We've just released Dataedo version 25.1.0! Take a look at this release's highlights:
Data Quality
Custom SQL rule
In version 24.4, we introduced a Data Quality module with predefined rules, allowing you to assign over 80 rules to your columns. In this version, we're adding the option to create custom rules using SQL queries. This gives you the flexibility to test anything you need and design rules tailored to your specific requirements. Read on to learn how to grant permissions for creating custom SQL rules and how to set them up.
Custom SQL rule - permissions
Custom rules allow direct querying of your data. To ensure security and restrict access to authorized users, we’ve introduced a new role: Power Data Steward. This role is required to create and manage custom SQL queries. It includes all Data Steward capabilities, plus the additional Manage External Queries
role action.
Custom SQL rule - creation flow
The entry point is the same as for predefined rules. Click the CTA button to create a rule instance, either in Data Governance → Data Quality → Rule Instances or directly on a table or column.
If you have the required Power Data Steward role, a popup will appear, prompting you to choose between a predefined rule from the rule list or a Custom SQL Rule. This time, select Custom SQL Rule.
The first step in creating a custom rule is defining the database and entering the SQL query.
Start by selecting the data source where the SQL rule will be applied. A dropdown menu will display the available data sources, restricted to those permitted for Data Quality execution.
Next, define the Custom SQL Rule by entering your SQL query in the provided text area. This input field allows you to enter a custom SQL query that defines the condition to be checked by the rule. The query you provide should return the rows that do not meet the specified data quality criteria, marking them as incorrect. The rule will be applied to the data filtered by the WHERE clause of your query. Any rows that are returned by the query will be flagged as failed during the rule execution, helping you identify and address data quality issues effectively.
Optionally, you can specify a Tested Rows Count Definition by entering a SQL query to count the rows that will be tested by the custom rule. This step helps in understanding the scope of the rule but is not required. This input field allows you to enter an optional SQL query to specify the number of rows your custom SQL rule will evaluate. The query should return the count of rows that meet the criteria defined in the WHERE clause of your custom SQL query.

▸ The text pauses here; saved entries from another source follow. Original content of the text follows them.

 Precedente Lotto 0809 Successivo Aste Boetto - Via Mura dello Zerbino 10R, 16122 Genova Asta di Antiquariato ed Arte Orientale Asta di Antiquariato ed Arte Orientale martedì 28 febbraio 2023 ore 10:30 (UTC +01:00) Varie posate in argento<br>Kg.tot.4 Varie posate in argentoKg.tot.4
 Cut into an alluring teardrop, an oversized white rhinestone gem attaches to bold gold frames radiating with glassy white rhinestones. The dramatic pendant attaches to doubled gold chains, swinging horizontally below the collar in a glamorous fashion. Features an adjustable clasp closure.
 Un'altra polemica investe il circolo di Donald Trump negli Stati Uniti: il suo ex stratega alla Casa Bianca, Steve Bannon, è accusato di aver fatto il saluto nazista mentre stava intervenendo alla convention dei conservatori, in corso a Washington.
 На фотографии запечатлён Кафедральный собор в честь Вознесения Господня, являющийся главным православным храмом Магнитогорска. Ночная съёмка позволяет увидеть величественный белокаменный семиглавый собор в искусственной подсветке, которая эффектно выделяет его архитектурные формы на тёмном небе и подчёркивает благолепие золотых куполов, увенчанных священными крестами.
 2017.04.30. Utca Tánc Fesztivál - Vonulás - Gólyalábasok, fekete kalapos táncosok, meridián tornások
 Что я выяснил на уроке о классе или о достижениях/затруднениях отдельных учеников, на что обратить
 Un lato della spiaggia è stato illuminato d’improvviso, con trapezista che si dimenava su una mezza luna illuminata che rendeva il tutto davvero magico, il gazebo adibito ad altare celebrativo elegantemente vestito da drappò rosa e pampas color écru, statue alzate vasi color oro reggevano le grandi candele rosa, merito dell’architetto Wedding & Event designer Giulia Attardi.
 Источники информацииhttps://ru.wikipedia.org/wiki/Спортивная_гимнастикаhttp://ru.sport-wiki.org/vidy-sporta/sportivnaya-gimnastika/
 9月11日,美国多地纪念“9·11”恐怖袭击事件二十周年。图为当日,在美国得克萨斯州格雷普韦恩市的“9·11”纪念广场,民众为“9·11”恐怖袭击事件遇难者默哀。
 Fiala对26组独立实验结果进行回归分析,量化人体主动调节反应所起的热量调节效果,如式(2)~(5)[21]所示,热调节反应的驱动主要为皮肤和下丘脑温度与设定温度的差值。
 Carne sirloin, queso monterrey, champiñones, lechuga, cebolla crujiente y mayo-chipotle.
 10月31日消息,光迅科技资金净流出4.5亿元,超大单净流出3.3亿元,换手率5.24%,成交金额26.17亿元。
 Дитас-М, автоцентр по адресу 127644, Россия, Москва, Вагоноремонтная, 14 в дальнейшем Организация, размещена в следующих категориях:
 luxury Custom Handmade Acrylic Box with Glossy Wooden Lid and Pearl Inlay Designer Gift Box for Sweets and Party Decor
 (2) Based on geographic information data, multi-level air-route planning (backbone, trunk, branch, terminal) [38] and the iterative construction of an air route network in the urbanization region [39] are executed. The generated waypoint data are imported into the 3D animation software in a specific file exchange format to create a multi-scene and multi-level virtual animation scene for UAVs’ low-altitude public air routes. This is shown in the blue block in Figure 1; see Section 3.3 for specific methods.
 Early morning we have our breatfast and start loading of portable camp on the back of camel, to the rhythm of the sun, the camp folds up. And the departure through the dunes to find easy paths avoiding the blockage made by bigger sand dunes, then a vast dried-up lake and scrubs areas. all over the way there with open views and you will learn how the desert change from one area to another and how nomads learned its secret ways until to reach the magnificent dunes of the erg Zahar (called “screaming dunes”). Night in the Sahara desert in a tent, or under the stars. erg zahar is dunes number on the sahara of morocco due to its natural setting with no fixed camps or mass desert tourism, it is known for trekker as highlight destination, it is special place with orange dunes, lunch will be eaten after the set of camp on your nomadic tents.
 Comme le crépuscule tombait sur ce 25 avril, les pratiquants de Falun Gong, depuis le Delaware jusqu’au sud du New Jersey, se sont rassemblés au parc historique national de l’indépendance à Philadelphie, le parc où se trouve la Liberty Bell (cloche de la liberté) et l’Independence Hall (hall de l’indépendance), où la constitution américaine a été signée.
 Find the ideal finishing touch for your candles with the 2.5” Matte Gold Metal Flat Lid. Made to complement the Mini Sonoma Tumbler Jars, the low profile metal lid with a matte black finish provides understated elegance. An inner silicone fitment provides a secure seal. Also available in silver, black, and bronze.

If this field is left blank, the rule will not include the number of rows in the results. This feature provides additional control over the scope of your rule evaluation.
Both fields include syntax highlighting for better readability and allows you to write complex queries without automatic validation, giving you full control over the SQL logic.
Next, select the Object Type to specify whether the rule applies to a column or a table.
If you select a column, suggested columns will be displayed along with input fields for both the table and column names. If you select a table, suggested tables will be shown with an input field to specify the table name.
Our parser analyzes the query you provided in the first step, identifying and matching existing tables and columns in the selected data source. In the Suggested objects based on your query
section, you'll see these matched objects as recommendations for linking your rule to the appropriate table or column.
A search input allows you to quickly find the desired object, streamlining the selection process.
We've added the ability to save failed rows for custom SQL rules, giving you more control over your data quality checks.
By default, failed rows are not saved. To enable this feature, simply activate the Save Failed Rows option. This allows you to store rows that don’t meet your custom SQL rule criteria for further analysis.
The final step in creating a rule instance is similar to selecting one from the predefined rule list. The key difference is that you need to provide a name and an optional description for your custom rule.
Additionally, you’ll need to assign the rule to a Library, which helps you organize and group your rules based on your preferences.
Treat null rows as fail or success
Until now, we treated null values in Data Quality as failing rows. Moving forward, each instance (during creation and editing) will have the option to specify whether null values should be treated as failed or successful rows.
Instances created before this change will continue treating null values as failed by default. However, this setting can be updated by accessing the instance's details and editing it.
Table rules
In this version, you can now assign rules not only to columns but also to tables. When assigning a rule, you can choose whether it applies to a column or a table.
Once you select a specific table, you can choose a rule from the available table-specific rules, which differ from the rules available for columns. The rest of the process remains unchanged.
Run history on instance details
Run history is now displayed for each Data Quality Rule Instance. To view this information, navigate to a specific instance and click on its Run History
tab.
Improvements
- Dimension included on grids and instance's details,
- Additional filters on grids added,
- Data Quality score is visible on instances grid on objects,
- Sparkline with Data Quality Score and Ratio added,
- Data Quality tab and Data Quality Ratio added on Data Sources and Domains,
- Setting instance to active or draft is available on instance's page in "three dot" menu, instead of changing it via instance editing.
- Bugfixes, typos and visual improvements.
Azure OpenAI supported
We’ve expanded our AI autodocumentation feature to support Azure OpenAI in addition to OpenAI. To add an Azure OpenAI engine, go to System Settings, select LLM (AI) Engines, choose the AzureOpenAI platform, and provide the required parameters. Using AI autodocumentation works the same way as with OpenAI.
New connectors
OpenLineage connector
OpenLineage is an open standard for tracking data lineage across processing systems. It standardizes the metadata collection about data pipelines, enabling better visibility, debugging, and governance of data workflows.
Dataedo's OpenLineage integration introduces a new capability to automatically capture and visualize data lineage from modern data processing systems. This connector allows to track pipeline metadata through OpenLineage-compatible tools.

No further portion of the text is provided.